Look below for the line holding "One debate to" and the line holding "釣りの方はというと、事前に友". Repeat those two and everything between, exactly.

Information given:

....................

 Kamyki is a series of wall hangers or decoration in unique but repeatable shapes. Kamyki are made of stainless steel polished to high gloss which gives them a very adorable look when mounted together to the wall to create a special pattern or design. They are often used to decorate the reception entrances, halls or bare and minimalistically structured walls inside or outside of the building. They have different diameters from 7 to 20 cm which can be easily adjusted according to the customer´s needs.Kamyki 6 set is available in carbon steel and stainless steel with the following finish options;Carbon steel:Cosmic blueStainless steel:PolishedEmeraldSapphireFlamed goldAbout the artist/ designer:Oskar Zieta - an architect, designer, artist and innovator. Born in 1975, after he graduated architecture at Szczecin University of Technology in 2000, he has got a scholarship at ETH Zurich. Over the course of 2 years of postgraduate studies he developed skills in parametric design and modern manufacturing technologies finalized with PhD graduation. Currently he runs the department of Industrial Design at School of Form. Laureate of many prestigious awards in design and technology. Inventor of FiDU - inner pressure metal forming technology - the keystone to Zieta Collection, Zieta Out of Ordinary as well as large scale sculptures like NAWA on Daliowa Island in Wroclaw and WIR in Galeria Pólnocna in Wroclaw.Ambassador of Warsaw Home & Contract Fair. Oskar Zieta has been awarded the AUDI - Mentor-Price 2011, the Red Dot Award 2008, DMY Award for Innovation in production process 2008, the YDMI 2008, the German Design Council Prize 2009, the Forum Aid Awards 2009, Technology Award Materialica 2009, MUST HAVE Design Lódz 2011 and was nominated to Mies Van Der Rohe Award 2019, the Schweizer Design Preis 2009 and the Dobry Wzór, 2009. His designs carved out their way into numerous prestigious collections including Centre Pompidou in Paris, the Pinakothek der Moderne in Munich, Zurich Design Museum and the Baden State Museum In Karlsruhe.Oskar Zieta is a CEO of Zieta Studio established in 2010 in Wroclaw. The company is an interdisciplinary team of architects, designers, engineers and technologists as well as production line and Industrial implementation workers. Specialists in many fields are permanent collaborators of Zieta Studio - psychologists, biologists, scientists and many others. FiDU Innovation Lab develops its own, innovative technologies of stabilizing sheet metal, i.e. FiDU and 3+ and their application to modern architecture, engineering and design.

....................

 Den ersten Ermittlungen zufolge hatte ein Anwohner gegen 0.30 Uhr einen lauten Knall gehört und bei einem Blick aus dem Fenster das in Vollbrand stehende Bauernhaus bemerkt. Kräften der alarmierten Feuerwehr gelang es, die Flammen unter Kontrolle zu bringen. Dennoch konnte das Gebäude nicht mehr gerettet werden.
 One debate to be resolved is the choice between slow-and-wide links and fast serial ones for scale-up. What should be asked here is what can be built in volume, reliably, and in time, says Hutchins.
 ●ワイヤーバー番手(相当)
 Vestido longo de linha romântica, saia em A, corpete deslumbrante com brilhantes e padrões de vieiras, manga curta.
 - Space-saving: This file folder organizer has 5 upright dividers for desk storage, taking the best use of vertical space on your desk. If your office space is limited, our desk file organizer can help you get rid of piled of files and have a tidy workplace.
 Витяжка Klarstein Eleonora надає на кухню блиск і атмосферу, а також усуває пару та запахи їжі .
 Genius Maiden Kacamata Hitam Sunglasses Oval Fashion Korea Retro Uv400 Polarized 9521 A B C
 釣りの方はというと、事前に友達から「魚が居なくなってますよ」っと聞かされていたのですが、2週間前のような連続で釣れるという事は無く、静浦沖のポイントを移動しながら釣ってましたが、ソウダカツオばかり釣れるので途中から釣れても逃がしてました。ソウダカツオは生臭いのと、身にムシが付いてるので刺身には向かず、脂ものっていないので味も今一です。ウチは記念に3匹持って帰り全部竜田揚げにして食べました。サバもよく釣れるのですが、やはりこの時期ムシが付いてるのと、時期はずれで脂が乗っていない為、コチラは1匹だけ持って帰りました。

....................

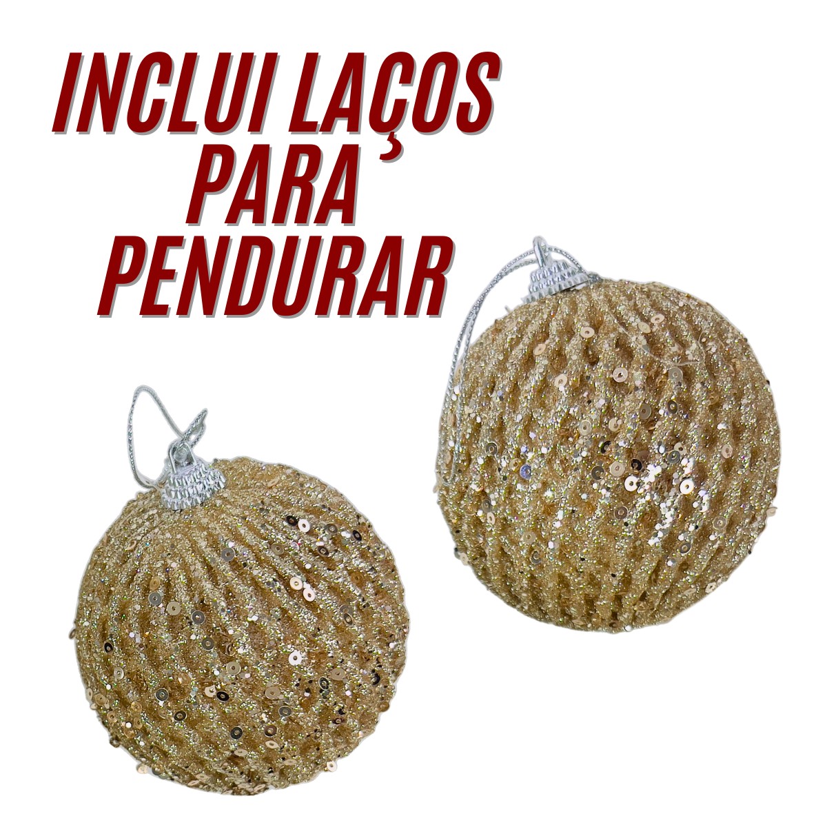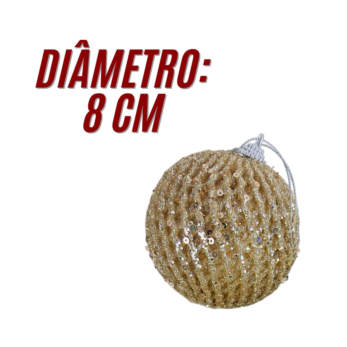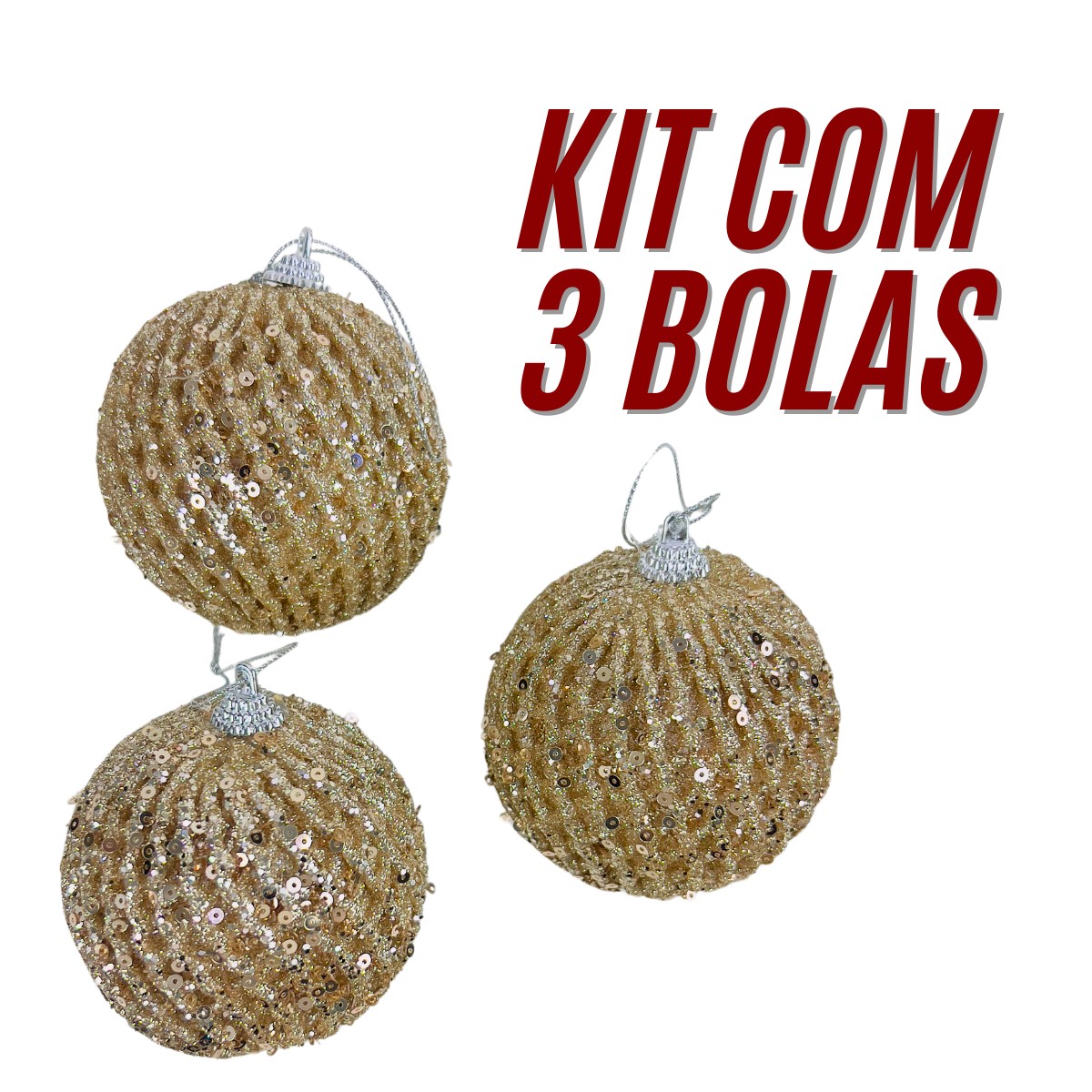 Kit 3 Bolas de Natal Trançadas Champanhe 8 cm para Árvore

....................

Written answer:
 One debate to be resolved is the choice between slow-and-wide links and fast serial ones for scale-up. What should be asked here is what can be built in volume, reliably, and in time, says Hutchins.
 ●ワイヤーバー番手(相当)
 Vestido longo de linha romântica, saia em A, corpete deslumbrante com brilhantes e padrões de vieiras, manga curta.
 - Space-saving: This file folder organizer has 5 upright dividers for desk storage, taking the best use of vertical space on your desk. If your office space is limited, our desk file organizer can help you get rid of piled of files and have a tidy workplace.
 Витяжка Klarstein Eleonora надає на кухню блиск і атмосферу, а також усуває пару та запахи їжі .
 Genius Maiden Kacamata Hitam Sunglasses Oval Fashion Korea Retro Uv400 Polarized 9521 A B C
 釣りの方はというと、事前に友達から「魚が居なくなってますよ」っと聞かされていたのですが、2週間前のような連続で釣れるという事は無く、静浦沖のポイントを移動しながら釣ってましたが、ソウダカツオばかり釣れるので途中から釣れても逃がしてました。ソウダカツオは生臭いのと、身にムシが付いてるので刺身には向かず、脂ものっていないので味も今一です。ウチは記念に3匹持って帰り全部竜田揚げにして食べました。サバもよく釣れるのですが、やはりこの時期ムシが付いてるのと、時期はずれで脂が乗っていない為、コチラは1匹だけ持って帰りました。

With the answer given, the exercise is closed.